▸ **TASK**
Return each line of the listing exactly, though without its images.

▸ **EXERCISE DATA**
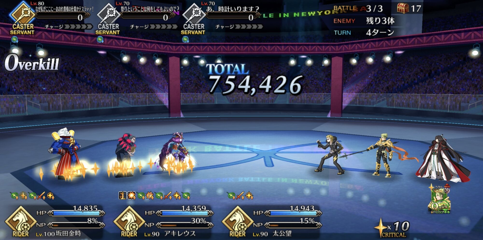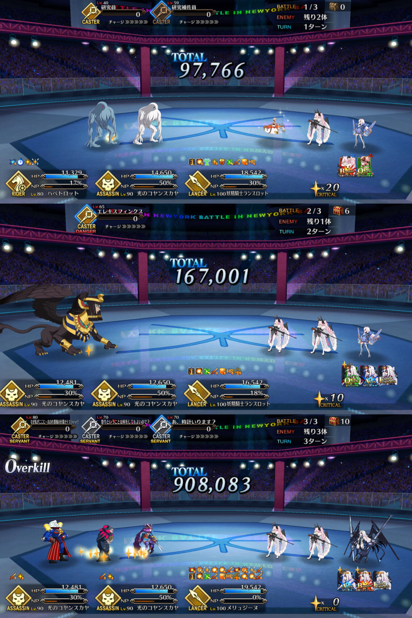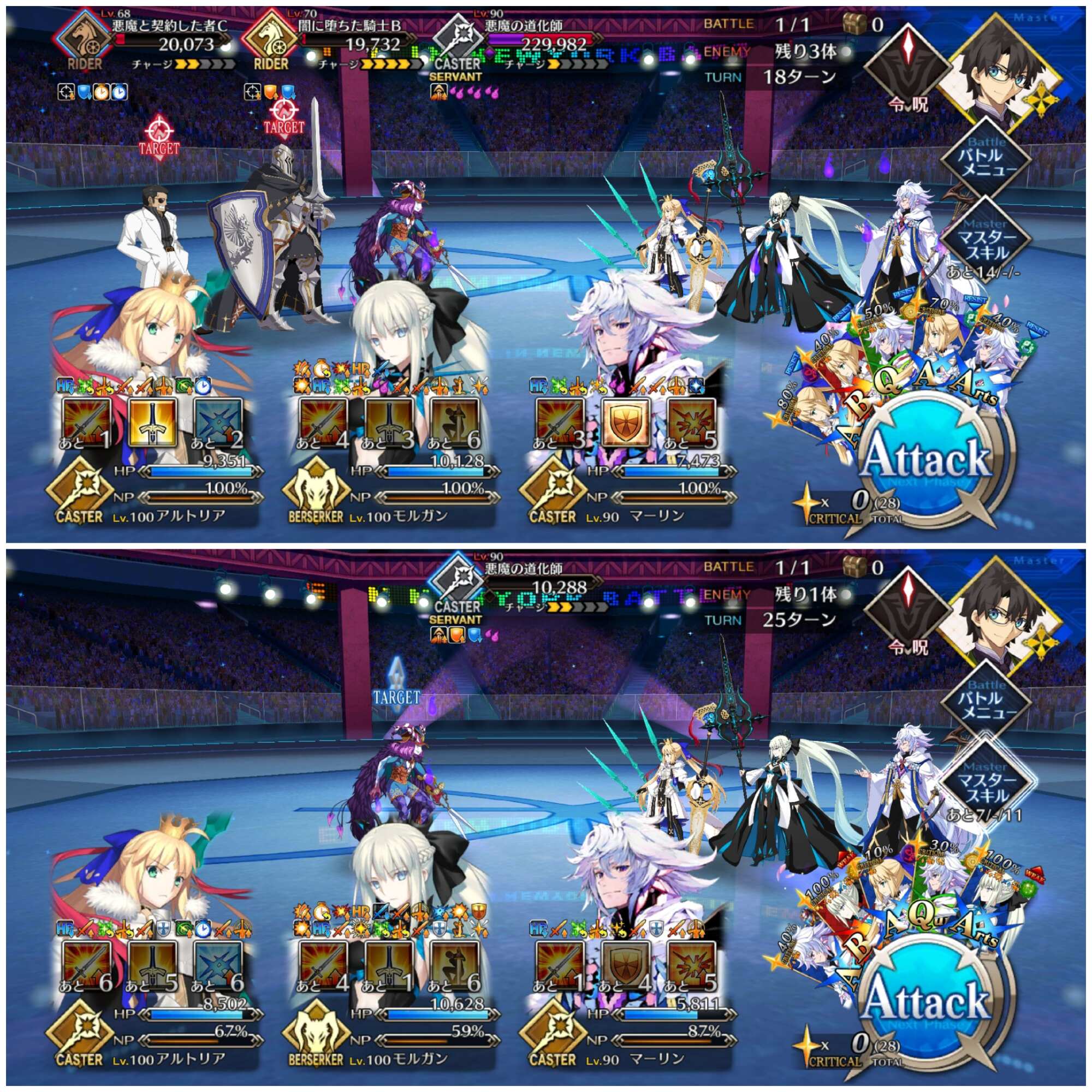 キャストリアの宝具もOC上げると回数もあがるから、前回の時よりかはタイマン時においての耐久性が上がりそう。マーリンのリジェネも含めて。
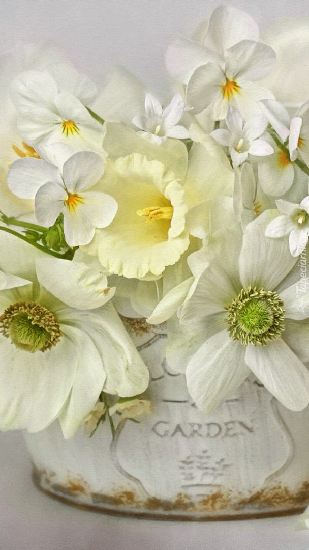 Edytor tapety: Białe kwiaty w doniczce
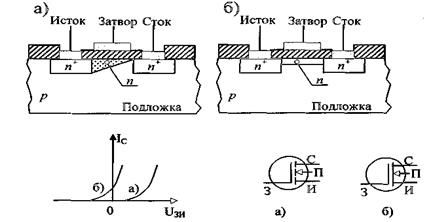 Рис. 1.12. Полевые транзисторы с изолированным затвором: с n—каналом обогащенного (индуцированный канал) (а) и обеденного (встроенный канал) (б) типов

▸ **SOLUTION TO THIS PROBLEM**
 キャストリアの宝具もOC上げると回数もあがるから、前回の時よりかはタイマン時においての耐久性が上がりそう。マーリンのリジェネも含めて。
 Edytor tapety: Białe kwiaty w doniczce
 Рис. 1.12. Полевые транзисторы с изолированным затвором: с n—каналом обогащенного (индуцированный канал) (а) и обеденного (встроенный канал) (б) типов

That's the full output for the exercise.